The making of the Philippines as a neoliberal nation-state
A neoliberal nation-state is one that embodies the neoliberal ideology and in practice regulates the national economy to facilitate the formulation and implementation of neoliberal policies (Harvey Reference Harvey2005). Examining how the Philippine nation-state transformed to fit into the logic of capitalist expansion provides insights into the dynamics and ideology of neoliberalism and how it sustains itself amidst contestations. The making of neoliberal nation-states across the globe is an essential process in global capitalism as a project of the neoliberal ideology. The neoliberal ideology purports the contested notion that economic growth gained through capital accumulation will bring progress, including in the developing countries. The idea of redistribution of wealth or downward sharing of profits is absent in the neoliberal ideology. The transnationalization of capital through the expansion of multinational corporations in many parts of the world would be a dominant force in the global expansion of capitalism (Sklair Reference Sklair2002). As classed and gendered inequalities deepen in this process, the preconditions for organized resistance challenging the neoliberal nation-states percolate, providing a context for transnational women’s movements against neoliberalism (Moghadam Reference Moghadam2005). The neoliberal state may violently respond with military repression to contain organized resistance and their social movements while invoking the national security ideology to justify its action.

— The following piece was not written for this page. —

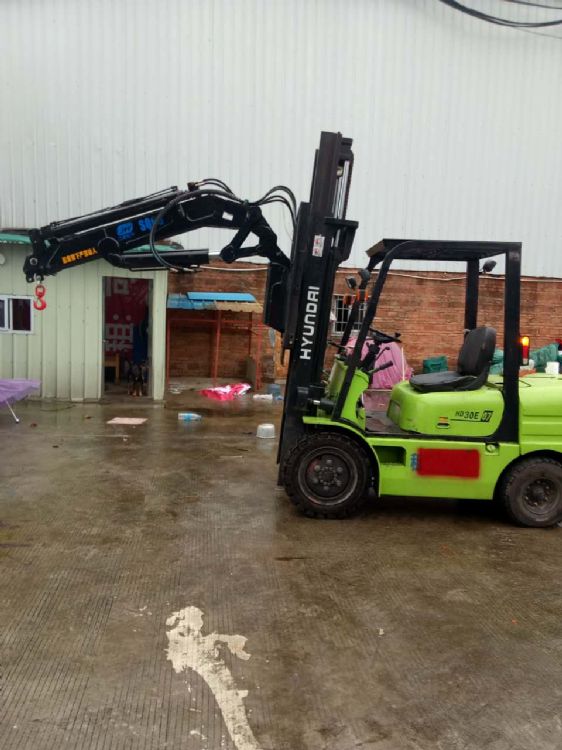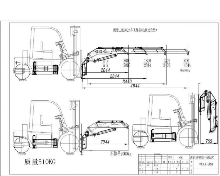 3噸叉車飛臂吊機,最大工作4.644米,全部升出可吊0.8噸,高度9米-10米。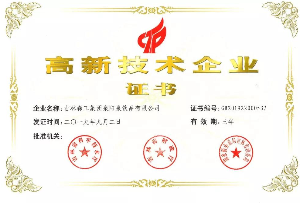 ? ? ? 根據(jù)科學(xué)技術(shù)廳、吉林省財(cái)政廳、國(guó)家稅務(wù)總局聯(lián)合頒布的《關(guān)于公布吉林省2019年第一批國(guó)家高新技術(shù)企業(yè)認(rèn)定結(jié)果的通知》,經(jīng)過(guò)層層審核,吉林森工集團(tuán)泉陽(yáng)泉飲品有限公司由吉林省科學(xué)技術(shù)廳、吉林省財(cái)政廳、北京市國(guó)家稅務(wù)局、國(guó)家稅務(wù)總局吉林省稅務(wù)局局聯(lián)合批準(zhǔn)下發(fā)的高新技術(shù)企業(yè)認(rèn)定。

My own analysis suggests that there are salient moments or features in the making of the Philippines as a neoliberal nation-state: 1) the colonial moment and the logic of privatization, (2) modern imperialism and economic liberalization, (3) labor and deregulation, (4) supranational structures and structural adjustments, and (5) state repression. In each of these features there are dynamic forces that interact and that these features themselves interconnect to sustain the neoliberal project. However, there are cracks in the web of interaction of these moments as organized resistance occurs when people seek to liberate themselves from the shackles of these moments. This creates a vision of hope that change could eventually be achieved.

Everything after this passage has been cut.